Got a Medicare or Medicaid Bill That Looks Wrong? Here's What You Can Do

March 24, 2026
10 min
Multiple paid medical bills

Medicare and Medicaid cover more than 145 million Americans. Both programs have billing errors — at a rate that may surprise you.

In 2023, the federal government found $31 billion in improper Medicare payments and $50 billion in improper Medicaid payments. Some of those errors land directly on patients.

If something on your bill looks wrong, you have the right to dispute it. But the process is not simple. Each program has its own rules, its own documents, its own deadlines, and its own appeal structure. Missing a single deadline can cost you the right to appeal entirely.

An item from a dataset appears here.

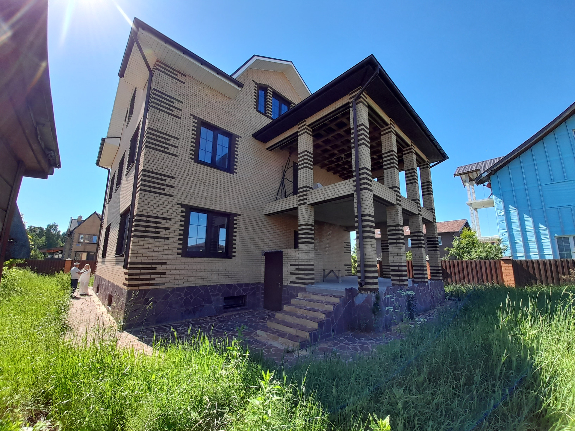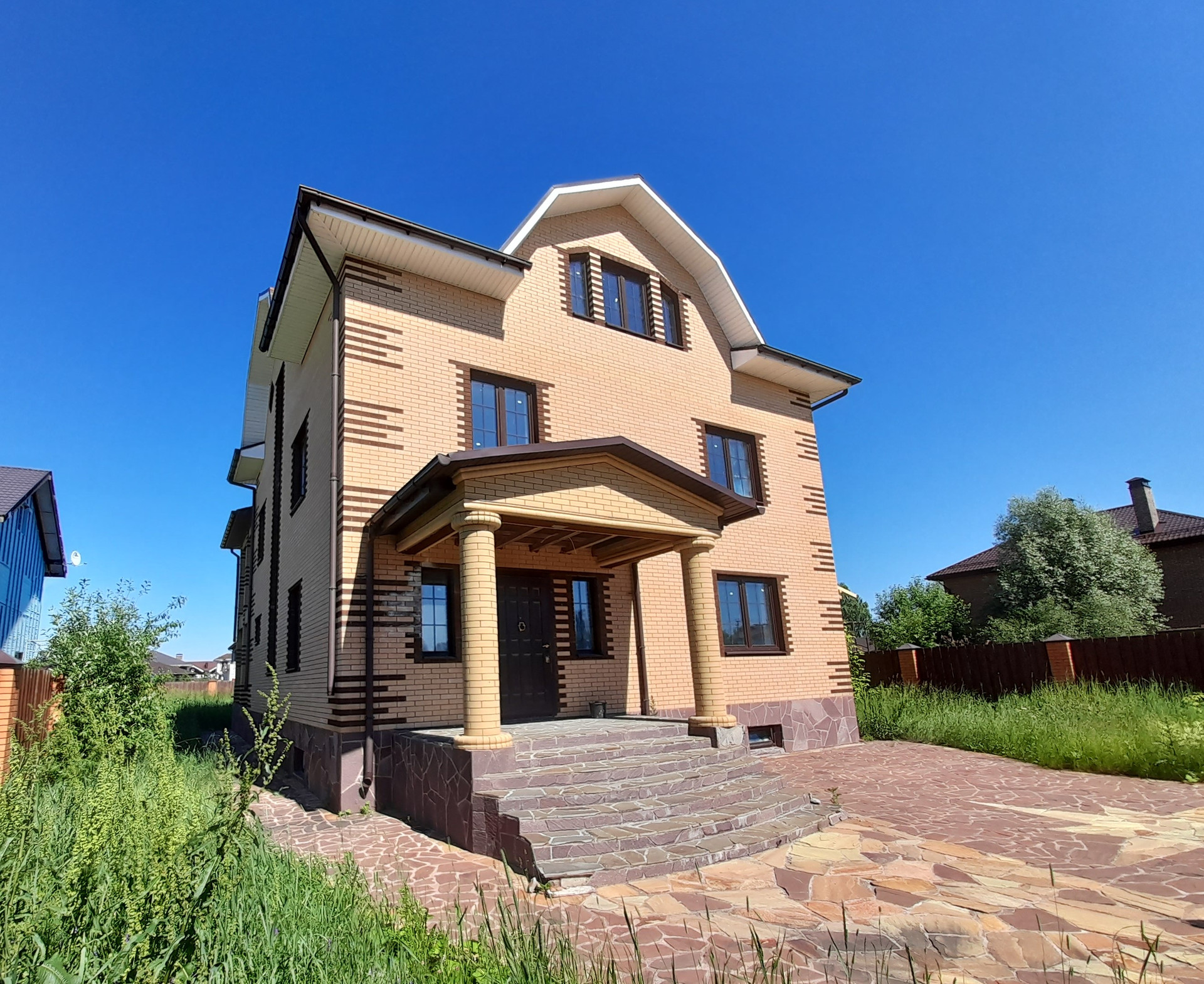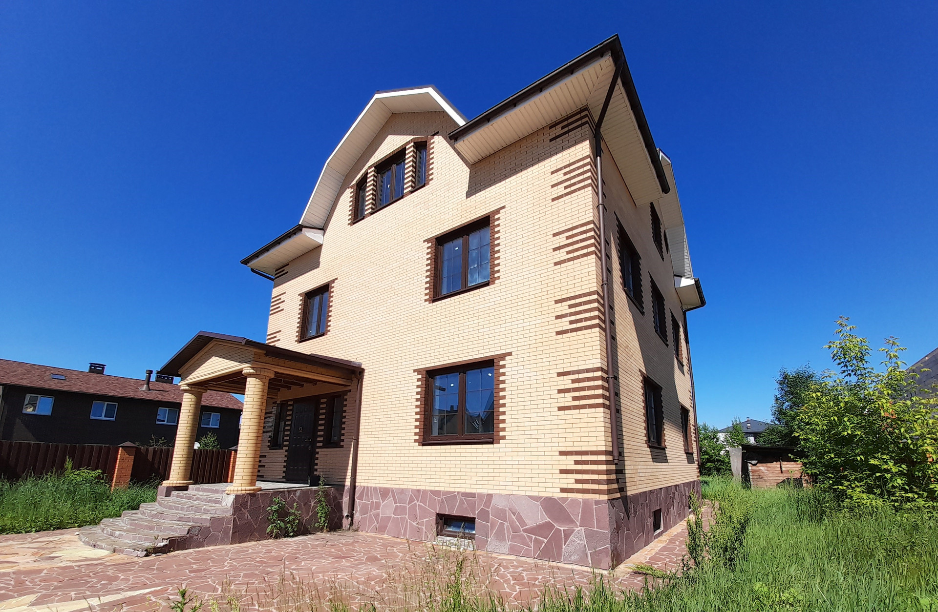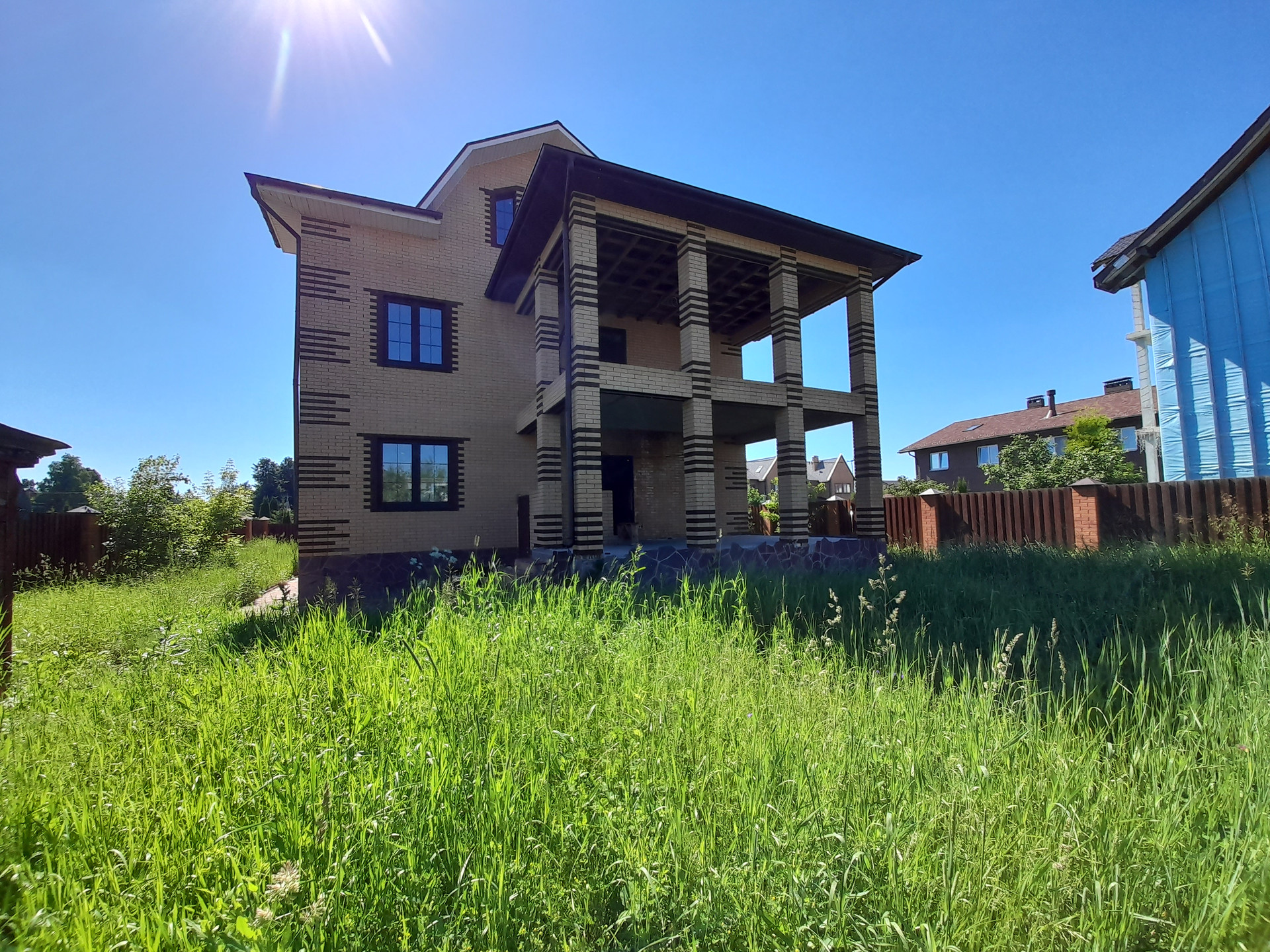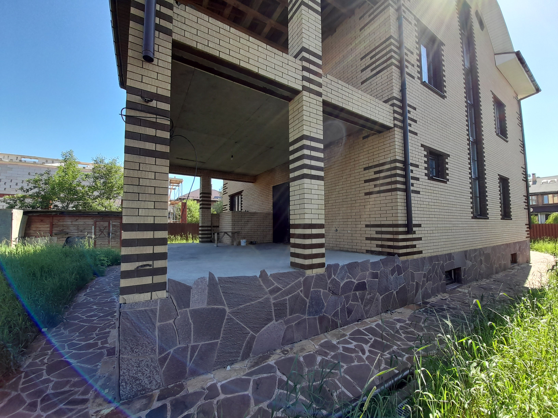 Вблизи деревни Мартемьяново, в коттеджном поселке Апрелевка-парк, в 30 км от Москвы продается дом 306 метров на участке 7.67 сот.; дом 2018 года постройки, из пеноблоков, утеплен, облицован отделочным кирпичом. Участок огорожен, площадка для парковки автомобиля вымощена камнем. Дом под чистовую отделку, все коммуникации разведены - трубы отопления медные, выводы под кондиционер, сами кондиционеры новые, в коробках остаются в доме , свет, вода, канализация в доме. Поселок газифицирован, газ рядом с домом. Дом в 4 уровня: цокольный этаж планировался для хозяйственных нужд - душевая, сауна, прачечная, холодильная комната. На первом этаже большая кухня- гостинная с камином, два санузла, котельная, второй выход на летнюю веранду и в сад. На втором этаже три комнаты и два санузла, выход на большой балкон с отличным видом. На мансардном этаже также три комнаты и два санузла. Дорожки отделаны камнем, запас камня остается на участке, сливы - отливы, дренажные каналы, все сделано добротно из дорогих материалов. Поселок круглосуточно охраняется, работает уборочная техника. Большая территория для отдыха - детские игровые площадки, территория для занятия спортом, для принятия солнечных ванн.

This guide explains how errors happen and what the appeal process looks like for each program.

1. Medicare

Medicare is not one plan. There are three main types — and each one has a different appeal process, different documents, and different timelines. The type you have changes everything about how a dispute is handled.

  • Original Medicare (Parts A and B) — run directly by the federal government. Claims are processed by a Medicare Administrative Contractor (MAC). Your key document is the Medicare Summary Notice (MSN), which is mailed quarterly.
  • Medicare Advantage (Part C) — run by a private insurer approved by CMS. Your key document is an Explanation of Benefits (EOB) from the plan. Prior authorization requirements are a major source of disputes.
  • Medicare Part D (Prescription Drug Plans) —covers prescription drugs through a private plan sponsor. Timelines at the early levels are dramatically shorter — as fast as 24 hours.

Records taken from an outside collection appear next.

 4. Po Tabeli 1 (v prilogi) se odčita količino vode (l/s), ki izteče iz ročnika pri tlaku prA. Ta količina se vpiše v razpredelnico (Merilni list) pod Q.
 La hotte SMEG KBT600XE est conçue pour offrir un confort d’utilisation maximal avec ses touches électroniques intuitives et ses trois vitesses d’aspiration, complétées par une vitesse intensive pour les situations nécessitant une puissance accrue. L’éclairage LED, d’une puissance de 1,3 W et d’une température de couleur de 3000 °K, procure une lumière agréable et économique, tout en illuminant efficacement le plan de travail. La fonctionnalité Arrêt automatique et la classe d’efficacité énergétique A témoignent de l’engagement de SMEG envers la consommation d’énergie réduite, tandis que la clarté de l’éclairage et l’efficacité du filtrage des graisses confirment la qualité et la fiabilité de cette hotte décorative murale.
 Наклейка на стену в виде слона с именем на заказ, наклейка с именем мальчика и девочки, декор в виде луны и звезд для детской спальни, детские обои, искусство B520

Original Medicare (Parts A and B)

Billing errors in Original Medicare are common. CMS’s own data shows a 7.4% improper payment rate — roughly $31 billion in 2023. The errors that affect patients most directly include:

  • Upcoding — a routine visit billed as a more complex one, inflating the charge
  • Wrong place of service code — an office visit billed as a hospital visit, which pays at a much higher rate
  • Lack of adequate documentation of medical necessity, resulting in a claim denial
  • Billing without an Advance Beneficiary Notice (ABN)— if Medicare is likely to deny a service, providers must warn you in writing first. If they don’t, they generally cannot bill you for it.

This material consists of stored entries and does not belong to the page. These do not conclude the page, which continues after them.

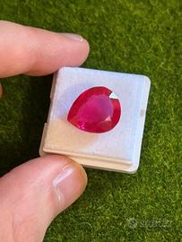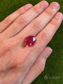 Rubino rosa 9.50 ct taglio pera certificato. Dimensioni 14x10x7 mm. La pietra è in perfette condizioni. Eccellente taglio e trasparenza. Testato con penna diamante.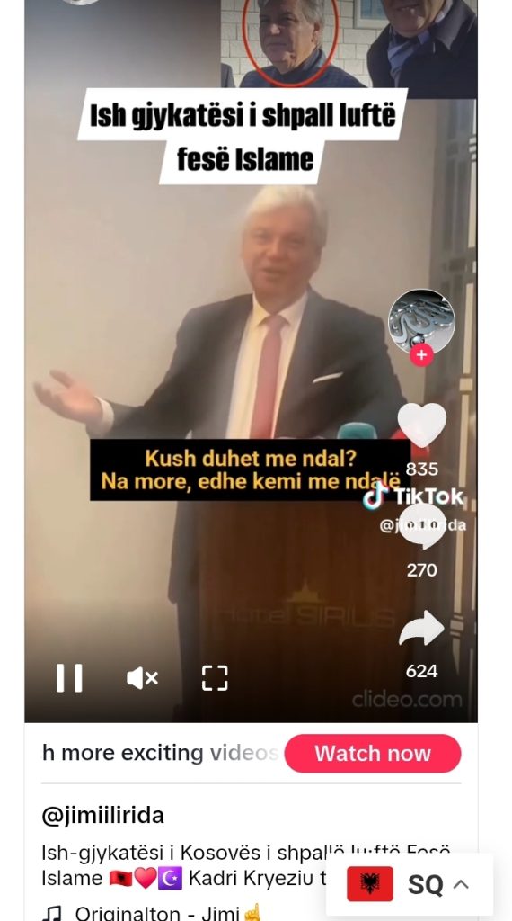 “Feja Islame në Kosovë ka dal nga shtrati, ka vërshu nga shtrati. Kush duhet me ndal? Na more, edhe kemi me ndalë. Ka shumë të interesuar në këtë punë. Ani pse është vetëm një shoqatë, këta janë nismetarë, unë e respektoj shumë si ide”, dëgjohet duke thënë ai.
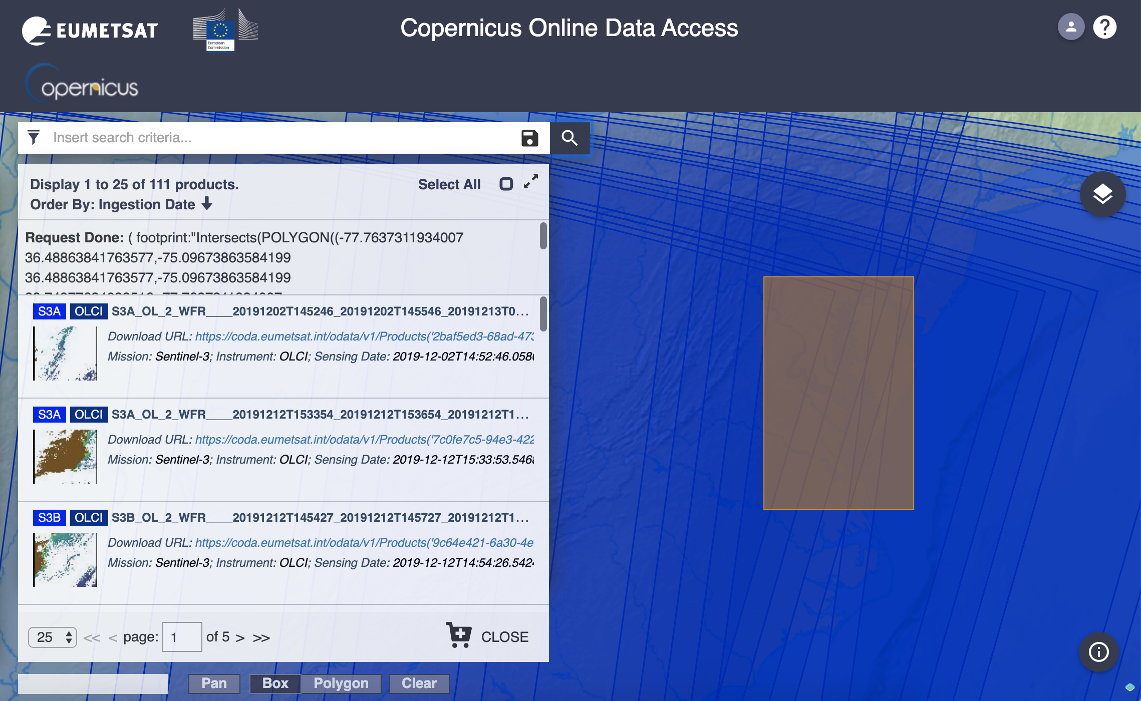 EUMETSAT controls the Copernicus Online Data Access (CODA) which provides free access to Sentinel-3 products through a 12 months rolling archive with access to Level 1 and Level 2 Marine data. Files after 12 months can be downloaded from EUMETSAT’s Data Center which provides a long-term archive of data. When processing algorithms are periodically updated, users can access reprocessed data from the online archive at CODARep.

Catching these errors requires reading your MSN carefully, obtaining the full itemized bill from the provider, and knowing which codes to look for. Most patients don’t have the time or training to do this.

Original Medicare has five formal appeal levels. The process can stretch over months. Most disputes are resolved at levels one or two — but only if the appeal is filed correctly and on time.

Original Medicare (Parts A & B) — appeal process

Step What happens File by Decision in
1 Redetermination by a Medicare Contractor 60 days from MSN 60 days
2 Reconsideration by a Qualified Independent Contractor 180 days from level 1 60 days
3 Hearing with Administrative Law Judge
(Amount in controversy ≥ $200 in 2026*)
60 days from level 2 90 days
4 Review by the Medicare Appeals Council 60 days from level 3 90 days
5 Judicial Review in Federal Court
(Amount in controversy ≥ $1,960 in 2026*)
60 days from level 4 Varies

The 60-day window at level one is the most critical deadline. Miss it and you need to show good cause to file late — which is not guaranteed.
* Minimum amount in controversy is updated annually by CMS to account for inflation.

Medicare Advantage (Part C)

Medicare Advantage is run by private insurers. They follow CMS rules but can add requirements Original Medicare doesn’t have — most importantly, prior authorization. A service that would be covered automatically under Original Medicare may require advance approval under your MA plan. When that approval is missing or denied, patients get unexpected bills.

This is one of the most complex areas of Medicare billing. The appeal goes to the private plan first, then to an independent reviewer. Timelines at the first two levels are different from Original Medicare — and there are expedited options for urgent situations.

Common billing errors in Medicare Advantage:

  • Prior authorization denied, not obtained, or applied incorrectly
  • Out-of-network — MA plans have networks; seeing an out-of-network provider can result in higher costs or denial
  • Upcoding & duplicate billing — visit billed as a more complex one (inflating the charge) or billed more than once

Navigating a Medicare Advantage dispute means reading your plan’s EOB, understanding the plan’s own prior authorization requirements, and knowing when the Independent Review Entity (IRE) — not the plan — is the right escalation path.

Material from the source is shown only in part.